Digital inclusion is about facilitating communication through online and mobile technologies as channels to improve the quality of life, the skillset possessed by the common, and to drive and promote economic wellbeing of all sections of the society.
As the internet becomes the default communication platform, the disadvantages of being offline increase. An individual’s digital engagement also depend on his/her digital literacy level, which includes embracing the potential advantages of staying connected with the rest of the world including serious concerns about security and safety. The manner in which common people engage over the internet largely depends on their skillsets and the confidence with the technology. While the internet has the potential of bridging the information asymmetry and providing a platform for real-time communication, it has certain potential adversities. Hoaxes, internet scams, viruses and various forms of cyber-crime can pose significant threats to vulnerable sections.

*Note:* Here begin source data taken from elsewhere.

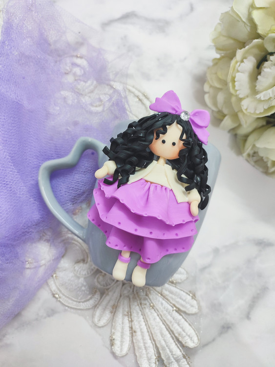 عروسک روی ماگ دستساز و از جنس خمیر پلیمری میباشد💞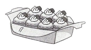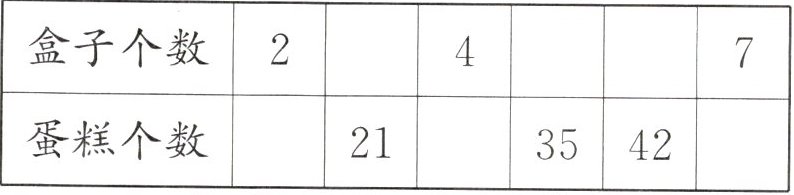 一、如下图,每个盒子里放7个蛋糕。(补全表格)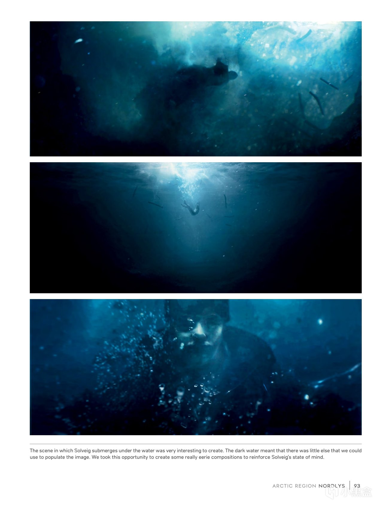 索尔维格潜入水中的场景非常有趣。黑暗的水底意味着我们几乎无法使用其他元素来丰富画面。我们借此机会创造了一些非常诡异的构图,以加强索尔维格的心境。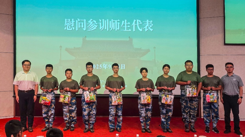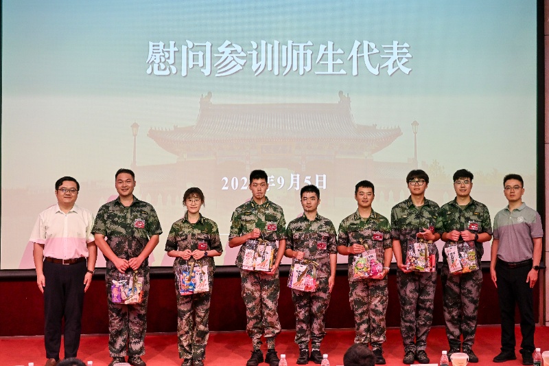 夏唐斌和王国锋为参训学生代表与教官、教师代表送上慰问礼包,感谢他们在军训中的付出与坚守。

2degrees can tie up with regulatory authorities such as the Internet Service Providers Association of New Zealand (ISPANZ) and the Telecommunications Carriers' Forum (TCF), and come up with digital literacy campaigns for the minors, women and senior citizens, who may be reluctant to access the internet due to certain concerns. Digital kiosks can be set up with the help of policymakers that can involve these people and distribute literature to make them aware of the safety and security concerns while engaging them meaningfully on the internet. These methods will also help 2degrees to generate awareness for its products and services and gain new customers.